__Activity__
Set down the entries that follow exactly as written, leaving out any images.

__Listed entries__

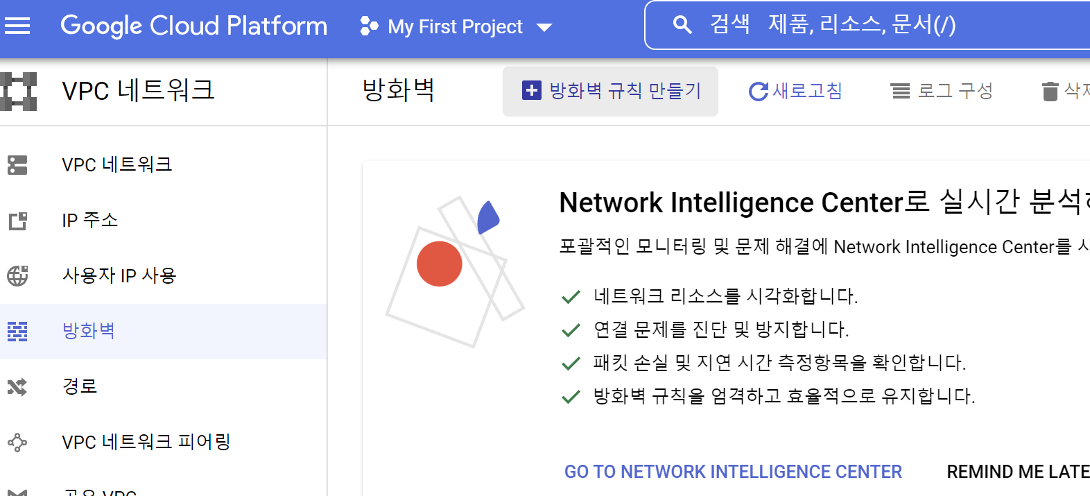 고정 ip 생성된다. 4.방화벽 규칙 변경하기
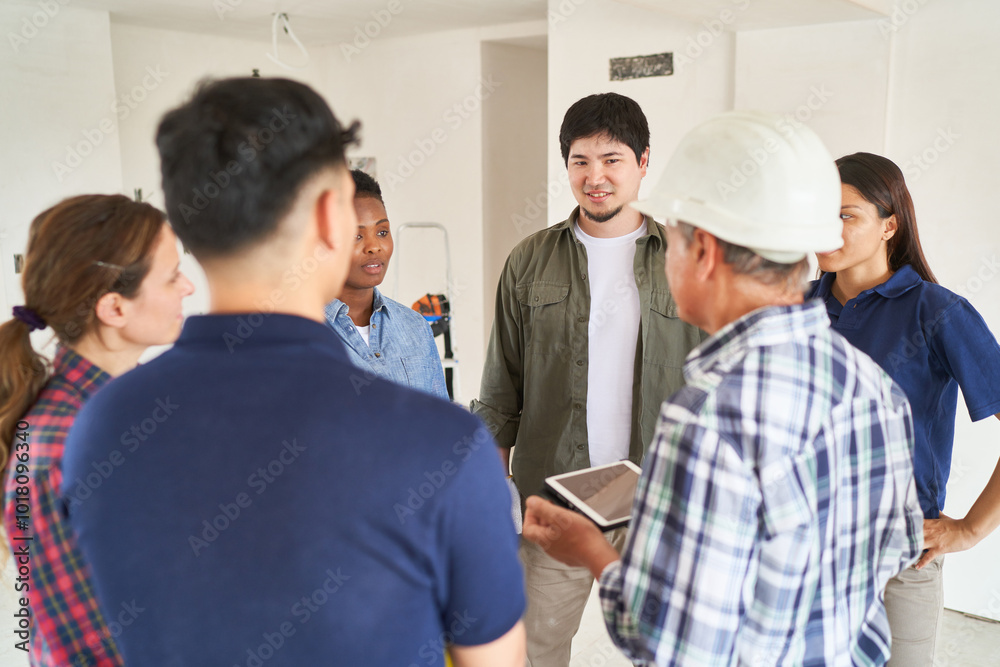 Senior architect discussing with construction coworkers while standing inside incomplete house
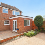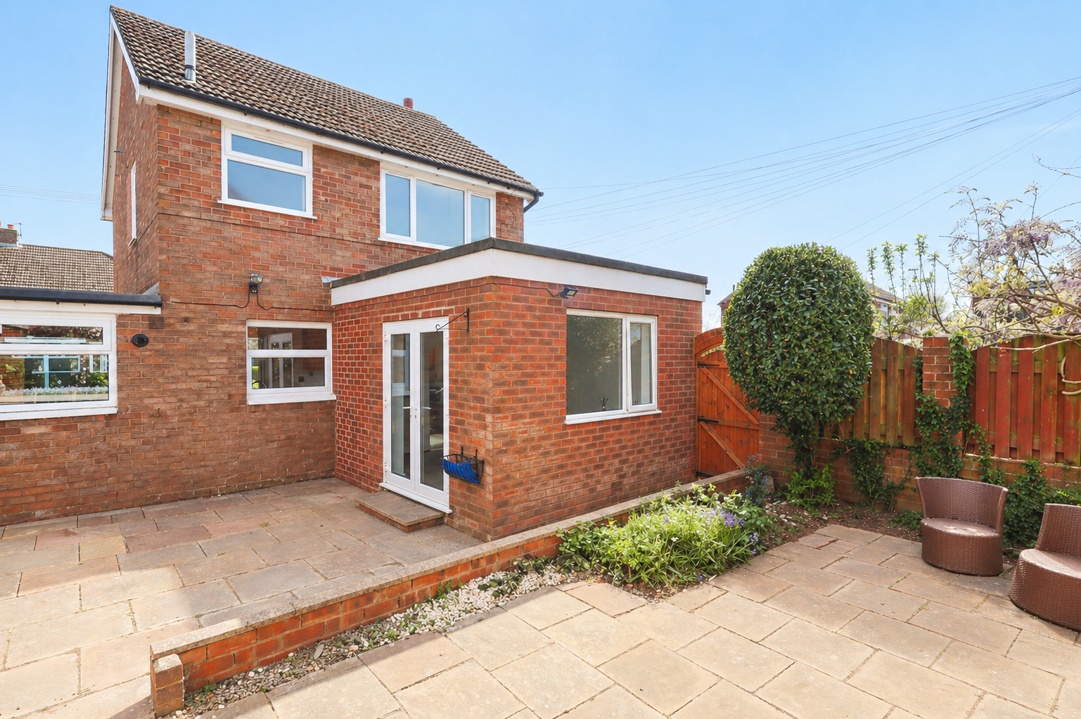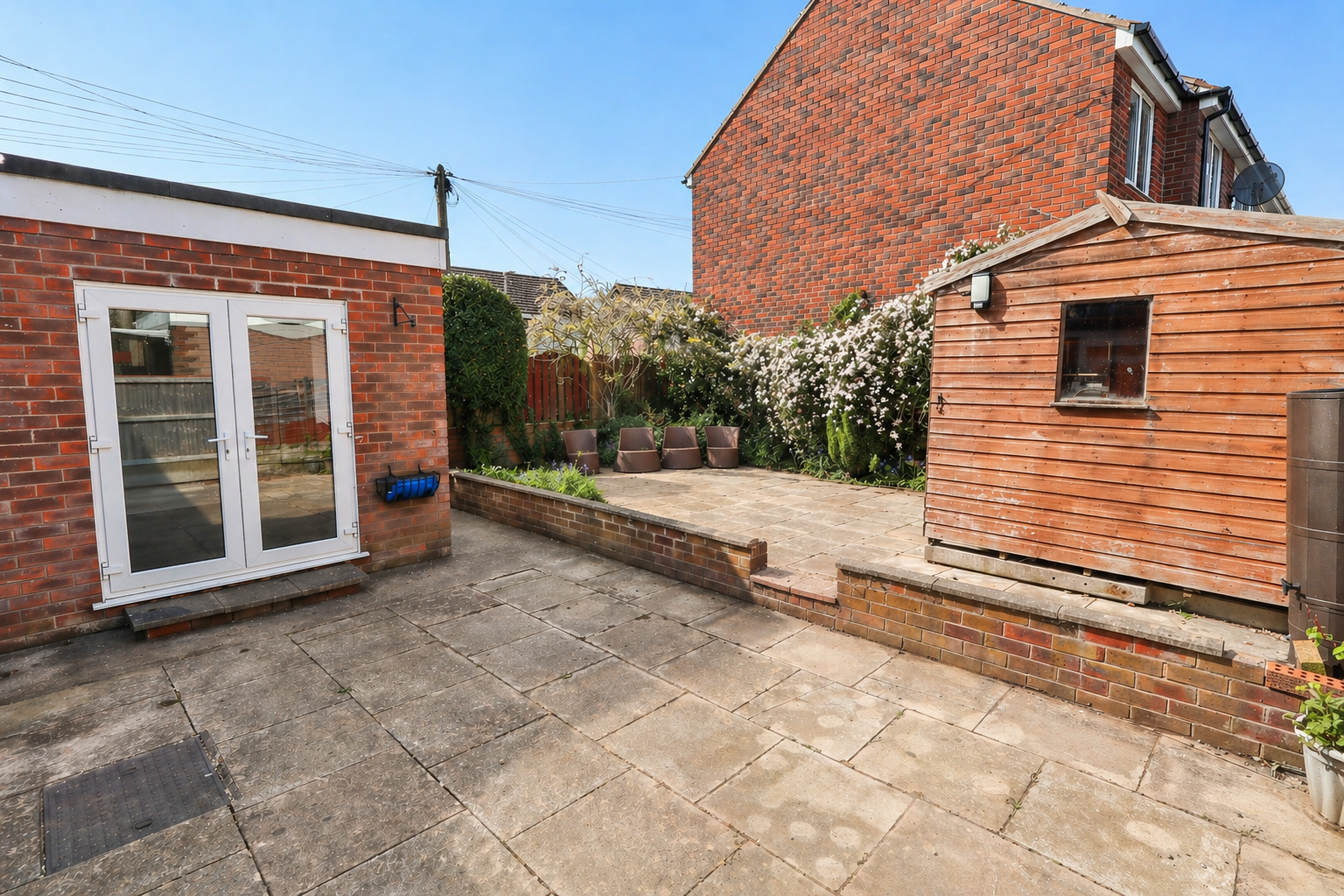 Externally the property benefits from a hedge fronted, lawned front garden with driveway parking leading up to the garage and side paved garden area. To the rear is a low maintenance, paved garden with planted borders and shed.
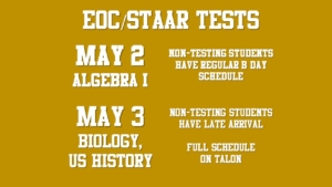 Timber Creek students have two EOC/STAAR days scheduled in early May, but each day is a little unique. Read on for full details on the schedule, locations, and if you can actually read after the tests…
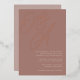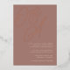 A beautiful typography based monogram wedding invitation featuring your initials in oversized rose gold foil script lettering at the top, in tone on tone shades for a watermark effect. Personalize with your wedding details in classic serif lettering aligned at the lower right. Our Terracotta colorway is an elegant mix of earthy neutrals, featuring warm white rosy taupe lettering on a terracotta clay background.
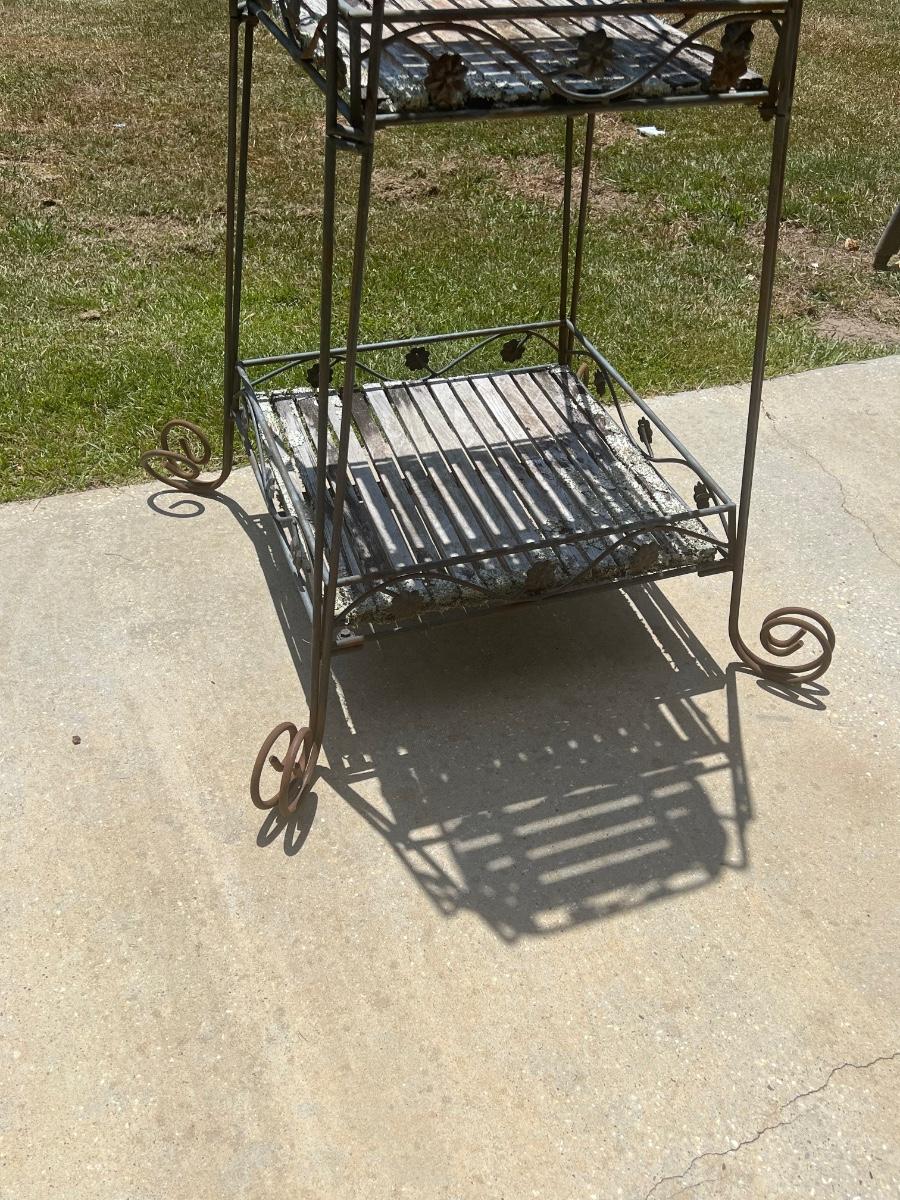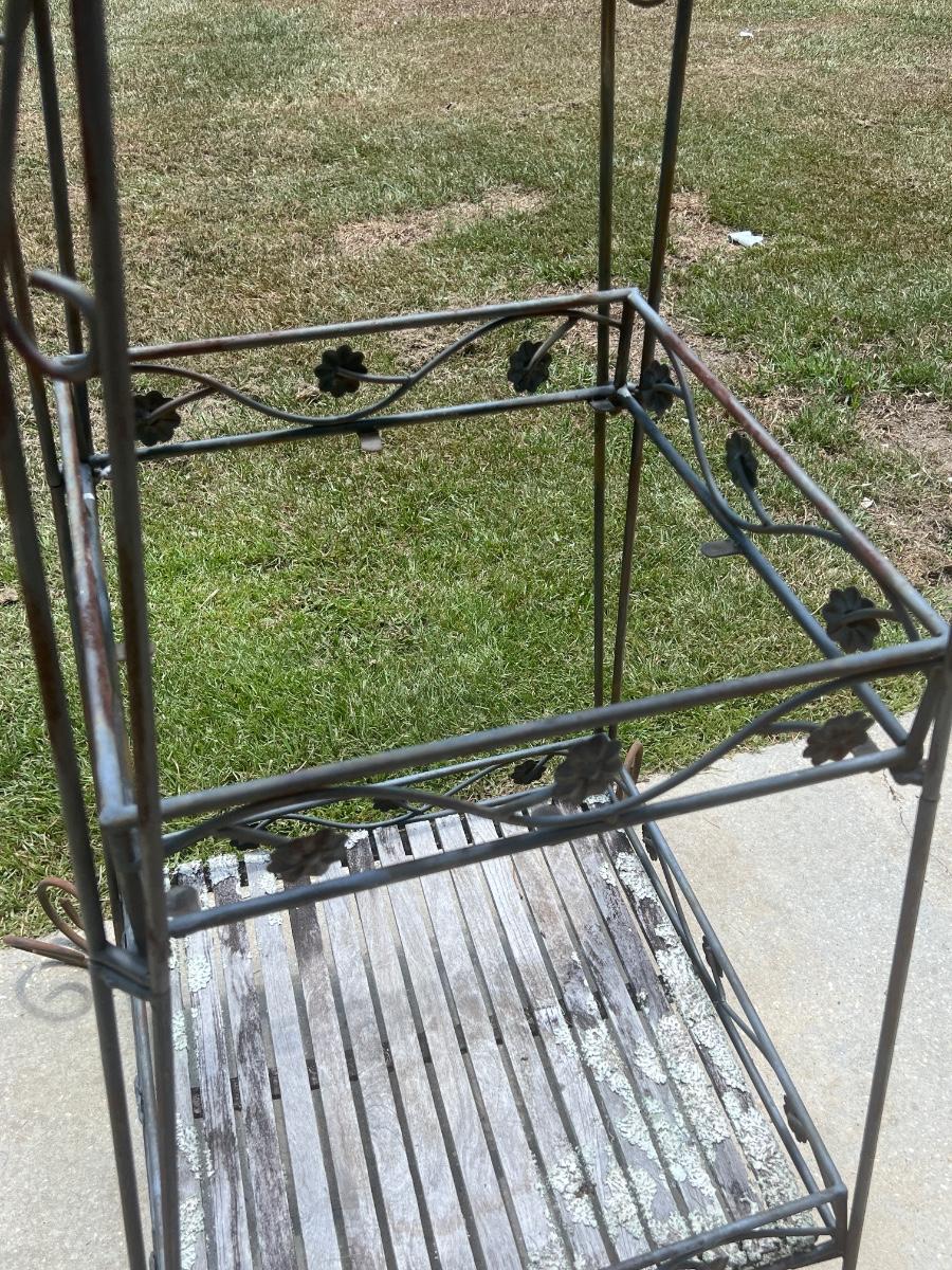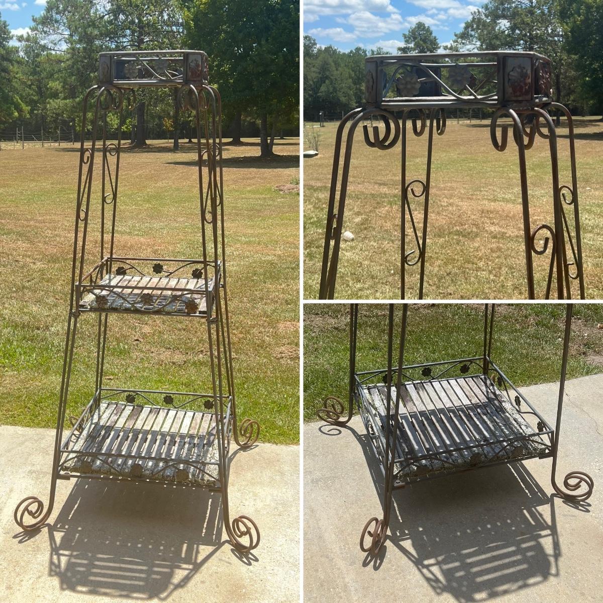 Has minor surface rust ~ Boards for shelving needs to be replaced ~ 64” H x 33” Square ~ Top shelf = 13” Square, Middle shelf = 17.75” Square ~ Bottom shelf = 22” Square
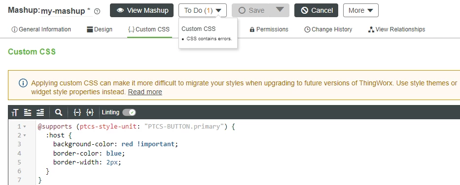 I'm trying to follow the new custom CSS syntax for Part
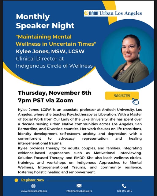 ๐ SPEAKER NIGHT IS BACK ๐ THURSDAY, NOVEMBER 6TH 7PM PST VIA ZOOM โMaintaining Mental Wellness in Uncertain Timesโ Join us the 1st Thursday of every month for our Monthly Speaker Night series. It is designed to be a safe and supportive space for community members to engage with mental health professionals and advocates. NOVEMBER 2025 SPEAKER: Kylee Jones, LCSW Clinical Director at Indigenous Circle of Wellness Register by visiting our website www.
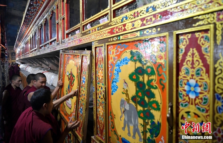 8月16日,拉薩哲蚌寺舉(ju) 行展佛活動。
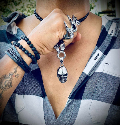 This Gothic Skull Necklace is my go-to accessory. The titanium steel is top-notch, and the onyx beads are truly captivating.

__Solution for this task__
 고정 ip 생성된다. 4.방화벽 규칙 변경하기
 Senior architect discussing with construction coworkers while standing inside incomplete house
 Externally the property benefits from a hedge fronted, lawned front garden with driveway parking leading up to the garage and side paved garden area. To the rear is a low maintenance, paved garden with planted borders and shed.
 Timber Creek students have two EOC/STAAR days scheduled in early May, but each day is a little unique. Read on for full details on the schedule, locations, and if you can actually read after the tests…
 A beautiful typography based monogram wedding invitation featuring your initials in oversized rose gold foil script lettering at the top, in tone on tone shades for a watermark effect. Personalize with your wedding details in classic serif lettering aligned at the lower right. Our Terracotta colorway is an elegant mix of earthy neutrals, featuring warm white rosy taupe lettering on a terracotta clay background.
 Has minor surface rust ~ Boards for shelving needs to be replaced ~ 64” H x 33” Square ~ Top shelf = 13” Square, Middle shelf = 17.75” Square ~ Bottom shelf = 22” Square
 I'm trying to follow the new custom CSS syntax for Part
 ๐ SPEAKER NIGHT IS BACK ๐ THURSDAY, NOVEMBER 6TH 7PM PST VIA ZOOM โMaintaining Mental Wellness in Uncertain Timesโ Join us the 1st Thursday of every month for our Monthly Speaker Night series. It is designed to be a safe and supportive space for community members to engage with mental health professionals and advocates. NOVEMBER 2025 SPEAKER: Kylee Jones, LCSW Clinical Director at Indigenous Circle of Wellness Register by visiting our website www.
 8月16日,拉薩哲蚌寺舉(ju) 行展佛活動。
 This Gothic Skull Necklace is my go-to accessory. The titanium steel is top-notch, and the onyx beads are truly captivating.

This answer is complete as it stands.